> **Task details**:
Copy out all lines in the material below that contain the string "both".

*** Opening of Input records ***

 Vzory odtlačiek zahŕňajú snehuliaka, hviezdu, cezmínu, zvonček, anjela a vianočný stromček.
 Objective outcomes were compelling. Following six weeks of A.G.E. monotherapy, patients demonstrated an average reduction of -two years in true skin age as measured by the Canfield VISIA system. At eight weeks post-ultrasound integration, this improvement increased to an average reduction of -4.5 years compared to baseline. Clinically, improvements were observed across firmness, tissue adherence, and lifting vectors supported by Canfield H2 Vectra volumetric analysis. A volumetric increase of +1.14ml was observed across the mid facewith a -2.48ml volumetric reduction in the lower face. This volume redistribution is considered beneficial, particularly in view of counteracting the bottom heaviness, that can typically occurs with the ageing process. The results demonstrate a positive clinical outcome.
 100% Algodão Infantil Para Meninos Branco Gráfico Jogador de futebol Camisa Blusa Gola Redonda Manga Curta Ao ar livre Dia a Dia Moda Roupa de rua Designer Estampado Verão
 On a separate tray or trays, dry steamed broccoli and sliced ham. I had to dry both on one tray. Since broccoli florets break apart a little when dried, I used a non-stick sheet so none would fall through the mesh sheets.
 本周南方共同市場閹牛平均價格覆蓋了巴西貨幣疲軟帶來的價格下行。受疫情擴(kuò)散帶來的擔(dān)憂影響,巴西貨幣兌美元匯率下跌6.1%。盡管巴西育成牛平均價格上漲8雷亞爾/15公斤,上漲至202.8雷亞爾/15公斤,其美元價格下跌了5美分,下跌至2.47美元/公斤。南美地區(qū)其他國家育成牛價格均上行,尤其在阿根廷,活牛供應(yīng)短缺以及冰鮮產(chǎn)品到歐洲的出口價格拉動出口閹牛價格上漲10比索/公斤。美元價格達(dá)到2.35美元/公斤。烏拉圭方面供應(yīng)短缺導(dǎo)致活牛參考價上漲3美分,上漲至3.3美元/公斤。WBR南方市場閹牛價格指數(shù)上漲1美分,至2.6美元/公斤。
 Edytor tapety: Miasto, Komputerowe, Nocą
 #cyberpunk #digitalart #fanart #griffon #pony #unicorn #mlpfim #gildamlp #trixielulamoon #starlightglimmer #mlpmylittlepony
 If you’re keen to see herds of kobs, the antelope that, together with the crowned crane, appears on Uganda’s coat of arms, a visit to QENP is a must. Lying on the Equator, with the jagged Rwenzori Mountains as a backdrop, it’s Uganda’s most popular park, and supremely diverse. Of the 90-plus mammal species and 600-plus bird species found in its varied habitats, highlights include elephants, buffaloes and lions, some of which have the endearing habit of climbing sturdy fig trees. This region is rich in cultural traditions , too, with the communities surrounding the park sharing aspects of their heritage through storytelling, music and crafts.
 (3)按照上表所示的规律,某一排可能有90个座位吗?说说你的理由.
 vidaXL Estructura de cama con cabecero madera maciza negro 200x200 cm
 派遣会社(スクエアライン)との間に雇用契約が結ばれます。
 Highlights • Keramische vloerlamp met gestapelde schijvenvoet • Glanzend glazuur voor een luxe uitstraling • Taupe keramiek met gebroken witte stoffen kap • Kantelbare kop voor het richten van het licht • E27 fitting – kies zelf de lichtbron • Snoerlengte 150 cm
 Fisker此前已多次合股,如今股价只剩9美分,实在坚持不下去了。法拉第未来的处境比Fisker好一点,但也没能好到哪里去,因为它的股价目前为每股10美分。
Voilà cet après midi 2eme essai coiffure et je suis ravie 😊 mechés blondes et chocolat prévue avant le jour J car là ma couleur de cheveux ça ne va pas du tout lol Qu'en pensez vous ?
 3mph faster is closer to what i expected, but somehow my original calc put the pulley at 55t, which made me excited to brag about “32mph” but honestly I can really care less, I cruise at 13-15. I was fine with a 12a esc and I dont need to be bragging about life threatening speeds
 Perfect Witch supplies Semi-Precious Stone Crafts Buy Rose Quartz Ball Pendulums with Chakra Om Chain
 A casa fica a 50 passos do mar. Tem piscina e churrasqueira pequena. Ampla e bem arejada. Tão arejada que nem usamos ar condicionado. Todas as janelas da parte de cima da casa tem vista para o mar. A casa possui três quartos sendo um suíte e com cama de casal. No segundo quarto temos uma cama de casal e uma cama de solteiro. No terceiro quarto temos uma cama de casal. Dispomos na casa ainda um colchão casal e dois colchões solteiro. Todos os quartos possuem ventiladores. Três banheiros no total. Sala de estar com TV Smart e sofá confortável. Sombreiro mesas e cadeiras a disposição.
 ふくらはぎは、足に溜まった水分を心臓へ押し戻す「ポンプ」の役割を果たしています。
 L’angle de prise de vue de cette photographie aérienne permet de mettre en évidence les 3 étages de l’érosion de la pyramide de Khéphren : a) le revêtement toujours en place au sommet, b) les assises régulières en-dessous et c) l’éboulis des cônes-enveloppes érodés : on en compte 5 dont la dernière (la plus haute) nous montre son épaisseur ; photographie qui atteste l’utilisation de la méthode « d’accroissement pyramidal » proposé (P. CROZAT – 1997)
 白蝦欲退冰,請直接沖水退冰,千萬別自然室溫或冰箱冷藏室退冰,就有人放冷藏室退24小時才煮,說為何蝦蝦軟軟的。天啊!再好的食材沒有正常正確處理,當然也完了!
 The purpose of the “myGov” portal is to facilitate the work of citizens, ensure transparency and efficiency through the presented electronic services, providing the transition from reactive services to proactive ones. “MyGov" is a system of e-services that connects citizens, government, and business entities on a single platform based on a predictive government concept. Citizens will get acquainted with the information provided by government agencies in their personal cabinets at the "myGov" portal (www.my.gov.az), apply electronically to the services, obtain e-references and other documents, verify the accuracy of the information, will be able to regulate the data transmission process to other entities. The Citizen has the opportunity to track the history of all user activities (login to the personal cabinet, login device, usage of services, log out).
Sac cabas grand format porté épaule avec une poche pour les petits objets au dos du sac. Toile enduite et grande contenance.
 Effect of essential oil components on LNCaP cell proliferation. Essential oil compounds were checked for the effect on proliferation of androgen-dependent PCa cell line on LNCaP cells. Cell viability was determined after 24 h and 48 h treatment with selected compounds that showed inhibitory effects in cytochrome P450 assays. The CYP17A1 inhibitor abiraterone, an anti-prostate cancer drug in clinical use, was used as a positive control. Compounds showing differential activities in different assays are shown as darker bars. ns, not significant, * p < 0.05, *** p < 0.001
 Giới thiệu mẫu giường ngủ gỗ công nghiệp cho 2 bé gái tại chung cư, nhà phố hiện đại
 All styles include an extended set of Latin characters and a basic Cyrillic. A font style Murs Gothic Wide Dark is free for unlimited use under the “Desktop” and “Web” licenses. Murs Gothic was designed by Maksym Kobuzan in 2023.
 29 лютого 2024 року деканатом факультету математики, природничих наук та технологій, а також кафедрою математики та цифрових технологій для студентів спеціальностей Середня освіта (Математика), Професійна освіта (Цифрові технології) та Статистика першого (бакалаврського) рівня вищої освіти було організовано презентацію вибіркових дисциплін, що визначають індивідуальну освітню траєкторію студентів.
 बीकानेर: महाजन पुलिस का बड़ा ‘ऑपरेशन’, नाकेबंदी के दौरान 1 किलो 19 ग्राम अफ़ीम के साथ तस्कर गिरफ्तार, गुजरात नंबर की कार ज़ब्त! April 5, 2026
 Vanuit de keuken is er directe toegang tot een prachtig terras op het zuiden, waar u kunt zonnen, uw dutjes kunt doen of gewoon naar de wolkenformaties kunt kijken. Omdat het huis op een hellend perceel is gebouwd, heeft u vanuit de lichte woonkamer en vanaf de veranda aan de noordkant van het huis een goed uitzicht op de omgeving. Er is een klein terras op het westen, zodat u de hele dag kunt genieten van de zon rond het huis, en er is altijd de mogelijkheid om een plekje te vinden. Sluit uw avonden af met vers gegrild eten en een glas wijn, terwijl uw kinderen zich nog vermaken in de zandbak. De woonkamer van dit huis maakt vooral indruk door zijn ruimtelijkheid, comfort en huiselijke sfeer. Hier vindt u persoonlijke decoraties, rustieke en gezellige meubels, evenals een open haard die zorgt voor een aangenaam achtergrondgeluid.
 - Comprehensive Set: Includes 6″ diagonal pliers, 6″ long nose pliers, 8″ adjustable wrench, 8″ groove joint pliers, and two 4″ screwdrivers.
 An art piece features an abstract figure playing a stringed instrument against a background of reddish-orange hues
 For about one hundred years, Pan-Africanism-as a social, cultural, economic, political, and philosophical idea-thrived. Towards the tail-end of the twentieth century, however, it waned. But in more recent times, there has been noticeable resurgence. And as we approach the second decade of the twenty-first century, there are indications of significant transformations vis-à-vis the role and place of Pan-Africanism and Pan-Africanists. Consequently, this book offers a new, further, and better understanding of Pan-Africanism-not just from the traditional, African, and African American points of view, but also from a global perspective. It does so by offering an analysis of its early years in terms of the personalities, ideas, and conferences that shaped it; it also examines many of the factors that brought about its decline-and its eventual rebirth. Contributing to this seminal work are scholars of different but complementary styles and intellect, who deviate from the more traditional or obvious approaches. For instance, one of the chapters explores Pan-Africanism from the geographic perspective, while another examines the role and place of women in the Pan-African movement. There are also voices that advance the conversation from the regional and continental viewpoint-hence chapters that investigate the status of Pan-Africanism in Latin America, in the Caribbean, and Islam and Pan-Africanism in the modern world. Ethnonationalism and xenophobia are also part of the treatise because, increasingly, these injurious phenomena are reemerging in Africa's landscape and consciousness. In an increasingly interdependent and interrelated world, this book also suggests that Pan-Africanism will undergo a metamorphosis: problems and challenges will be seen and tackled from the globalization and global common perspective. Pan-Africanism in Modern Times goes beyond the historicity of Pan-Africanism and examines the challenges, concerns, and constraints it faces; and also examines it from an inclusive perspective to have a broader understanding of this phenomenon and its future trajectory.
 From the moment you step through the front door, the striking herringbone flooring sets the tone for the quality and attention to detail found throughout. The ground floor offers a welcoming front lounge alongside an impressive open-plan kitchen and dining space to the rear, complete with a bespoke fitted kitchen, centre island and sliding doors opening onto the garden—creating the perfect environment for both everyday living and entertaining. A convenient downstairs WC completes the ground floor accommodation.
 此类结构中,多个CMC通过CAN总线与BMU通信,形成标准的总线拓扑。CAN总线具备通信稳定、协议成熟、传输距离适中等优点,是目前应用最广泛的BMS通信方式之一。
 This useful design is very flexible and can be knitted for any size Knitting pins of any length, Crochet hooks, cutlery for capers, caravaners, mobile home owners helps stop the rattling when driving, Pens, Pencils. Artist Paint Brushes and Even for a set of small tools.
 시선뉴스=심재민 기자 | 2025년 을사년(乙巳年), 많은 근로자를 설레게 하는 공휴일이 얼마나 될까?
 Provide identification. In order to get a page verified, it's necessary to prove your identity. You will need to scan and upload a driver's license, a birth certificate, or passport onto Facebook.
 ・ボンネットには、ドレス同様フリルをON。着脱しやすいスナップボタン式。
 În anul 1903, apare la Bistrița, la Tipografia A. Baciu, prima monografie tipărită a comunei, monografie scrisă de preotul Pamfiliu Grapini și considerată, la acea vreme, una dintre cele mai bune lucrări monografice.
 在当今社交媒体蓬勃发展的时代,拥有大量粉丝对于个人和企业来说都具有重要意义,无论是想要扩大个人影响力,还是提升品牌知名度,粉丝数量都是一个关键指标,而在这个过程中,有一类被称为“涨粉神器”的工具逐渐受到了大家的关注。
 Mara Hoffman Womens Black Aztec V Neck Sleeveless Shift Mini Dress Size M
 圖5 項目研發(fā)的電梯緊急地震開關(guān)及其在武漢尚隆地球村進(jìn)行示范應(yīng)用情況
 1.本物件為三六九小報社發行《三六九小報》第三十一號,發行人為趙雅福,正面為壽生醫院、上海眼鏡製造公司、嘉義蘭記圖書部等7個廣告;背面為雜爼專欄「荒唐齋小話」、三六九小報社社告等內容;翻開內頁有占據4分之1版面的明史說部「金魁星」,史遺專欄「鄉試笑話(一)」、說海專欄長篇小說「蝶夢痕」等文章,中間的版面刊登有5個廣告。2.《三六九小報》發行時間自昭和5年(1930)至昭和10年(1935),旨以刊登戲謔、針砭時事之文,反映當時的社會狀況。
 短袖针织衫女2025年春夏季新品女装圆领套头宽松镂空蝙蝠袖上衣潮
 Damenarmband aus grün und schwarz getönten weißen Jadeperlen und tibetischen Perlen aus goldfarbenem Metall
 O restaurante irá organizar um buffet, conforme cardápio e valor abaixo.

*** Close of Input records ***

> **Solved exercise**:
 On a separate tray or trays, dry steamed broccoli and sliced ham. I had to dry both on one tray. Since broccoli florets break apart a little when dried, I used a non-stick sheet so none would fall through the mesh sheets.
 From the moment you step through the front door, the striking herringbone flooring sets the tone for the quality and attention to detail found throughout. The ground floor offers a welcoming front lounge alongside an impressive open-plan kitchen and dining space to the rear, complete with a bespoke fitted kitchen, centre island and sliding doors opening onto the garden—creating the perfect environment for both everyday living and entertaining. A convenient downstairs WC completes the ground floor accommodation.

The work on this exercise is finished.